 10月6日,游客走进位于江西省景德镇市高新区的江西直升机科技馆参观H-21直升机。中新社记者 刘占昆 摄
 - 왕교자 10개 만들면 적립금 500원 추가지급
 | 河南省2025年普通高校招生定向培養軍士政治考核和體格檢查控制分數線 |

* * * * *

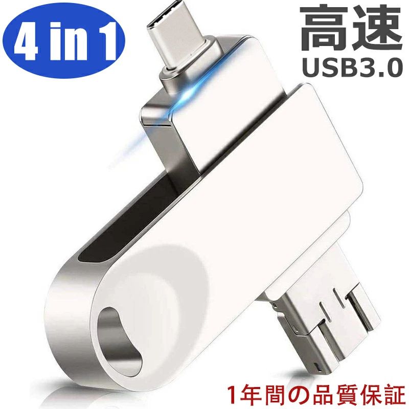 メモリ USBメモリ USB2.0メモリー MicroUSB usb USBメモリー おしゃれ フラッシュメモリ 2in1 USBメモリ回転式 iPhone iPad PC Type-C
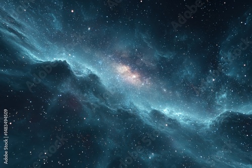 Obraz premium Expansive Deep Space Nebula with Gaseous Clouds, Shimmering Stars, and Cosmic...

* * * * *

Within the data above, repeat exactly the lines from the one bearing "メモリ USBメモリ USB2.0メモリー" through the one bearing "Obraz premium Expansive". Include no pictures and nothing else.

• Answer to the exercise:
 メモリ USBメモリ USB2.0メモリー MicroUSB usb USBメモリー おしゃれ フラッシュメモリ 2in1 USBメモリ回転式 iPhone iPad PC Type-C
 Obraz premium Expansive Deep Space Nebula with Gaseous Clouds, Shimmering Stars, and Cosmic...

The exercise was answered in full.